Start of Material for this exercise

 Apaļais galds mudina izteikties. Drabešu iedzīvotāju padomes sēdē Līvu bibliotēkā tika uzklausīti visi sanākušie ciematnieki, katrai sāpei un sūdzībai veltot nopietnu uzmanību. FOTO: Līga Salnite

End of Material for this exercise
Start of Material for this exercise

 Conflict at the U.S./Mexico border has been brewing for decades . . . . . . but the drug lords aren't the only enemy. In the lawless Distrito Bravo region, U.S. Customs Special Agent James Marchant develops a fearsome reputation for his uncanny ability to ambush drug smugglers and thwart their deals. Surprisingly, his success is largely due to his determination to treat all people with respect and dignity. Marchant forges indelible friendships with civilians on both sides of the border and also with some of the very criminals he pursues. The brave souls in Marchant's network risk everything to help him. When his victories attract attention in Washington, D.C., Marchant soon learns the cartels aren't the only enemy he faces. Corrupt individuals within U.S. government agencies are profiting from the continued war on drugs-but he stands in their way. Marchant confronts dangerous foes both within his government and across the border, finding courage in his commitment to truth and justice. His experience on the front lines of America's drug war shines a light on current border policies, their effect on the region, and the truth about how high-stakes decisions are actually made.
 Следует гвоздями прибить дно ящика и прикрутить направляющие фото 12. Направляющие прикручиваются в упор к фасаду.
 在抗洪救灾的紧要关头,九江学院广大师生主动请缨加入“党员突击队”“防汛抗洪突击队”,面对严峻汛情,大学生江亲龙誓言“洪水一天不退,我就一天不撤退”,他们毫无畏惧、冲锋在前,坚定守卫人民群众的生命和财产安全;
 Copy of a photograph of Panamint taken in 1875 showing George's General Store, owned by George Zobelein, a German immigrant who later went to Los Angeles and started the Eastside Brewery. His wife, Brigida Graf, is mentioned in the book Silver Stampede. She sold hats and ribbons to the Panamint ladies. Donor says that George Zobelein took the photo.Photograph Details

End of Material for this exercise
Start of Material for this exercise

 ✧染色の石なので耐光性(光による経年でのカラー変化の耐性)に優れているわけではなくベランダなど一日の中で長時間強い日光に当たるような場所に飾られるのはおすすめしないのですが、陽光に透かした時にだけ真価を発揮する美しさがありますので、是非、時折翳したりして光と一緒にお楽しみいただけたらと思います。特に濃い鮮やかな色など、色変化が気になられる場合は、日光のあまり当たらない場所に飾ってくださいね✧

End of Material for this exercise

## Exercise description
What you return must be an exact retyping of the lines above starting at the line with "Conflict at the" and ending at the line with "Следует гвоздями прибить", and nothing besides.

## Exercise answer
 Conflict at the U.S./Mexico border has been brewing for decades . . . . . . but the drug lords aren't the only enemy. In the lawless Distrito Bravo region, U.S. Customs Special Agent James Marchant develops a fearsome reputation for his uncanny ability to ambush drug smugglers and thwart their deals. Surprisingly, his success is largely due to his determination to treat all people with respect and dignity. Marchant forges indelible friendships with civilians on both sides of the border and also with some of the very criminals he pursues. The brave souls in Marchant's network risk everything to help him. When his victories attract attention in Washington, D.C., Marchant soon learns the cartels aren't the only enemy he faces. Corrupt individuals within U.S. government agencies are profiting from the continued war on drugs-but he stands in their way. Marchant confronts dangerous foes both within his government and across the border, finding courage in his commitment to truth and justice. His experience on the front lines of America's drug war shines a light on current border policies, their effect on the region, and the truth about how high-stakes decisions are actually made.
 Следует гвоздями прибить дно ящика и прикрутить направляющие фото 12. Направляющие прикручиваются в упор к фасаду.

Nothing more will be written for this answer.